▶ _Information supplied_:
◇ ◇ ◇
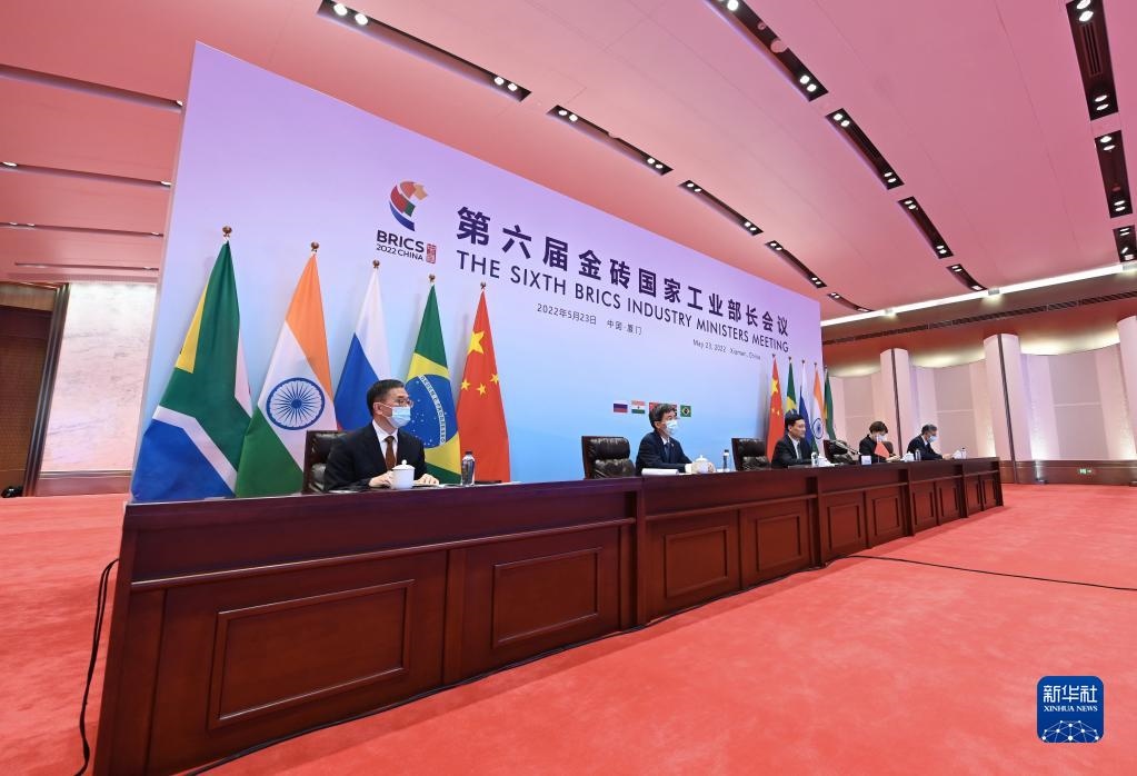2022年5月23日,第六屆金磚國家工業(yè)部長會(huì)議在福建廈門以視頻會(huì)晤的形式舉行。新華社記者林善傳攝
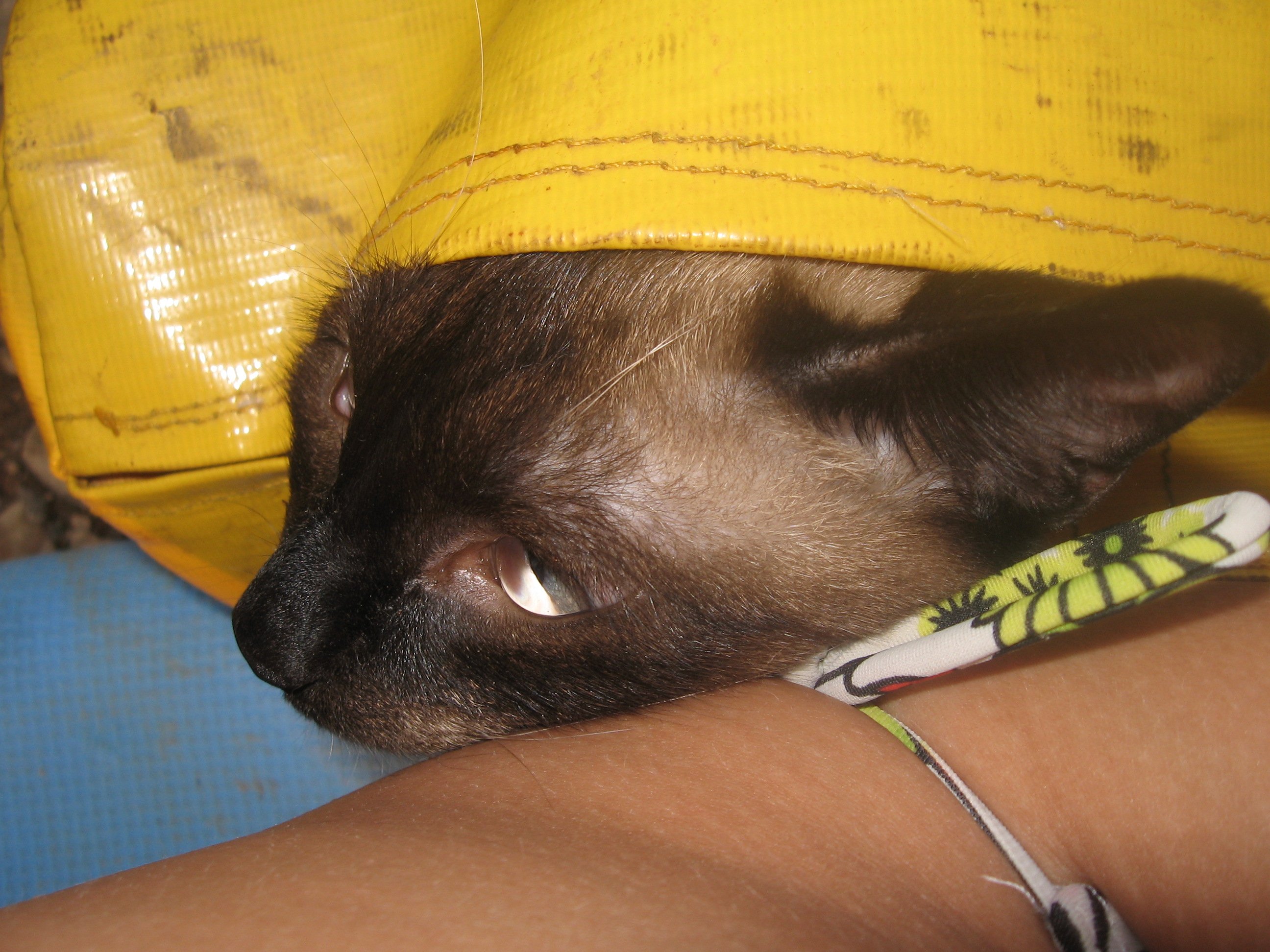 Однажды зимним ранним утром, на ничего неподозревающего и еще спящего котенка была осторожно надета шлейка. Почему спящего? Так это самый безопасный способ для кота и для тебя. Во-первых, ты ненасильно натягиваешь на кота шлейку, при этом он всеми силами пытается вырваться и высвободиться от оков, а спокойно одеваешь на расслабленного кота, слегка его поглаживая. Во-вторых, проснувшийся кот не подозревает о случившемся, ну подумаешь, ходить неудобно, может что отлежал. Снимаешь шлейку тогда, когда котик уснет. Так процесс повторяется изо дня в день, пока кот не привыкает к шлейке до такой степени, что может ходить-играть-спать-есть ее не замечая. Теперь можно шлейку на котика одевать в любой момент.
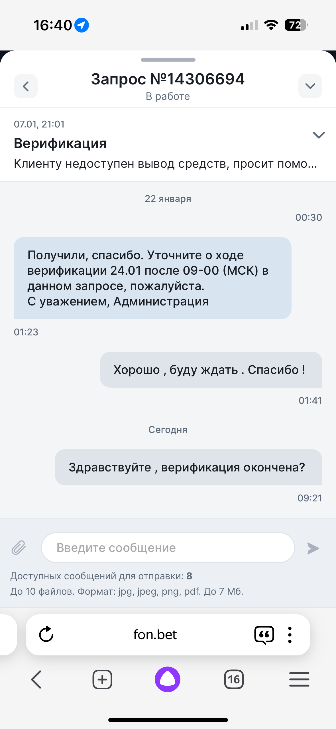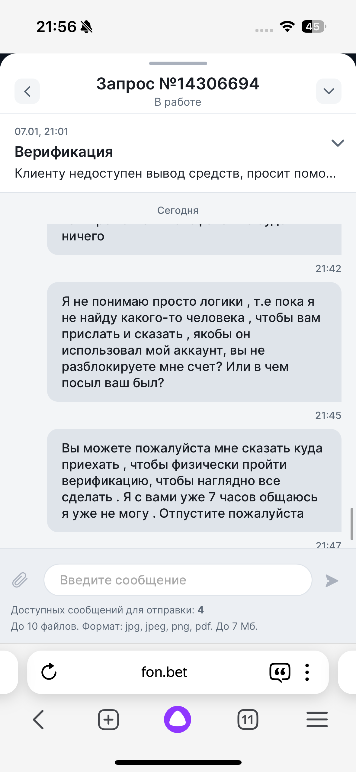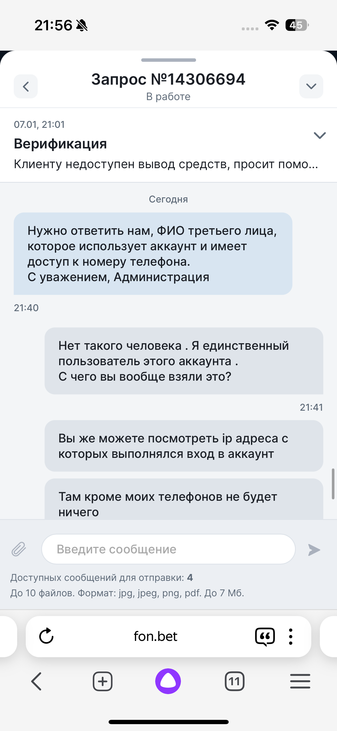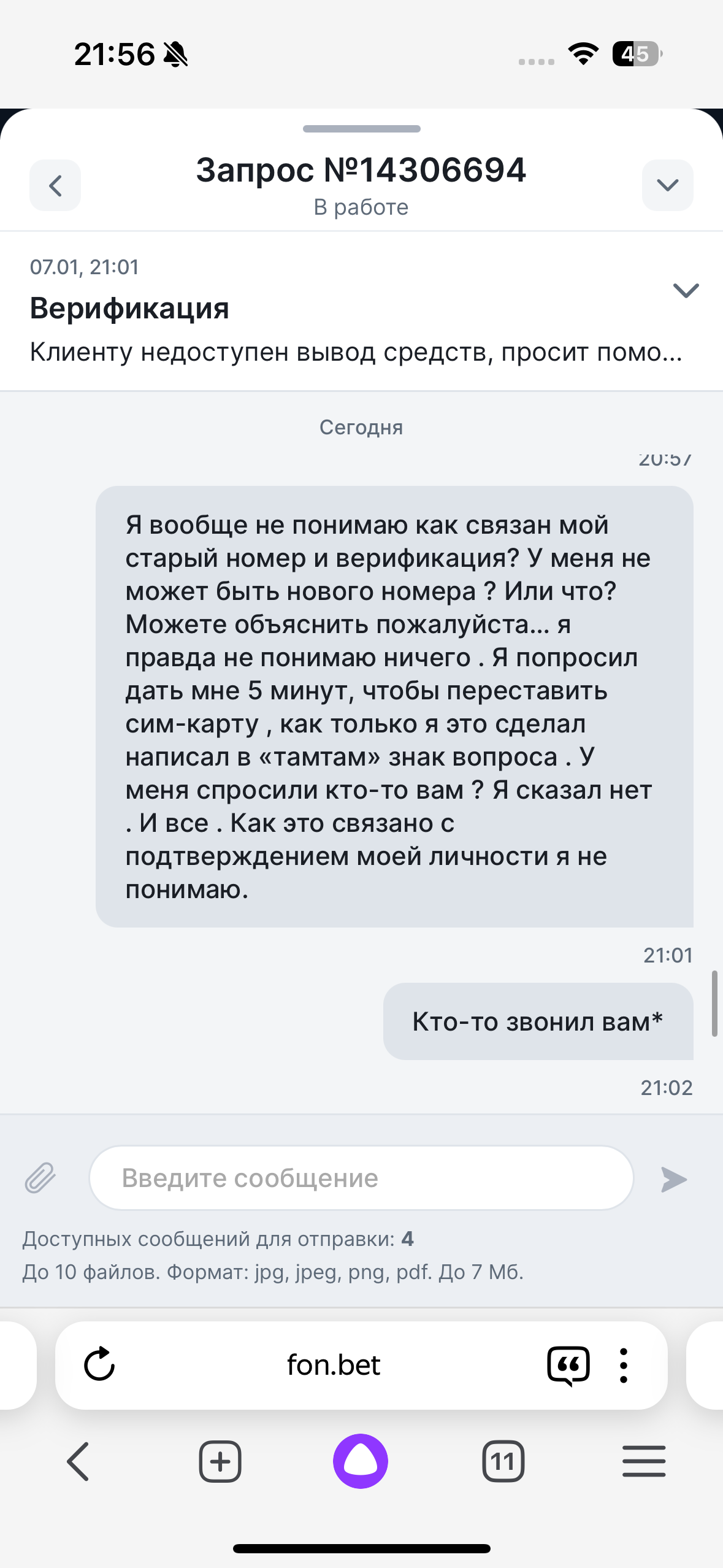Здравствуйте! Я проходил верификацию в бк фонбет , отправил все виды фотографий с документами , после чего была назначена видео верификация . На ней меня спрашивали про правила игры и спросили про номер телефона (есть ли к нему доступ ) который указан к привязанному аккаунту . Это мой старый номер телефона и я сказал , что мне нужно 5 минут чтобы переставить сим-карту . Договорились что в течение 5 минут мы снова свяжемся . По итогу : через 5 минут поступает еще один звонок в мессенджер «тамтам» спрашивают у меня «поступал ли мне звонок на тот самый номер ….?» я отвечаю , что не поступал . Мне говорят спасибо , ожидайте подтверждения верификации в запросе . И в итоге я с ними общался в запросе на протяжении 7часов , где они УТВЕРЖДАЮТ И ВЫМОГАЮТ из меня информацию которая попросту не существует! Говорят что на мобильный телефон (мой старый, сим карту которую я переставлял) был звонок и мною кто-то приставился . Я не знаю , что мне делать в такой ситуации. Готов приехать в любой офис Москвы и показать/пройти все проверки , что я единственный владелец аккаунта.Номер id 5294686
◇ ◇ ◇
▶ _Exercise details_:
Retyping should start at the first line of the data above and stop after the line with "Однажды зимним ранним", and no picture should be included.

▶ _Task result_:
2022年5月23日,第六屆金磚國家工業(yè)部長會(huì)議在福建廈門以視頻會(huì)晤的形式舉行。新華社記者林善傳攝
 Однажды зимним ранним утром, на ничего неподозревающего и еще спящего котенка была осторожно надета шлейка. Почему спящего? Так это самый безопасный способ для кота и для тебя. Во-первых, ты ненасильно натягиваешь на кота шлейку, при этом он всеми силами пытается вырваться и высвободиться от оков, а спокойно одеваешь на расслабленного кота, слегка его поглаживая. Во-вторых, проснувшийся кот не подозревает о случившемся, ну подумаешь, ходить неудобно, может что отлежал. Снимаешь шлейку тогда, когда котик уснет. Так процесс повторяется изо дня в день, пока кот не привыкает к шлейке до такой степени, что может ходить-играть-спать-есть ее не замечая. Теперь можно шлейку на котика одевать в любой момент.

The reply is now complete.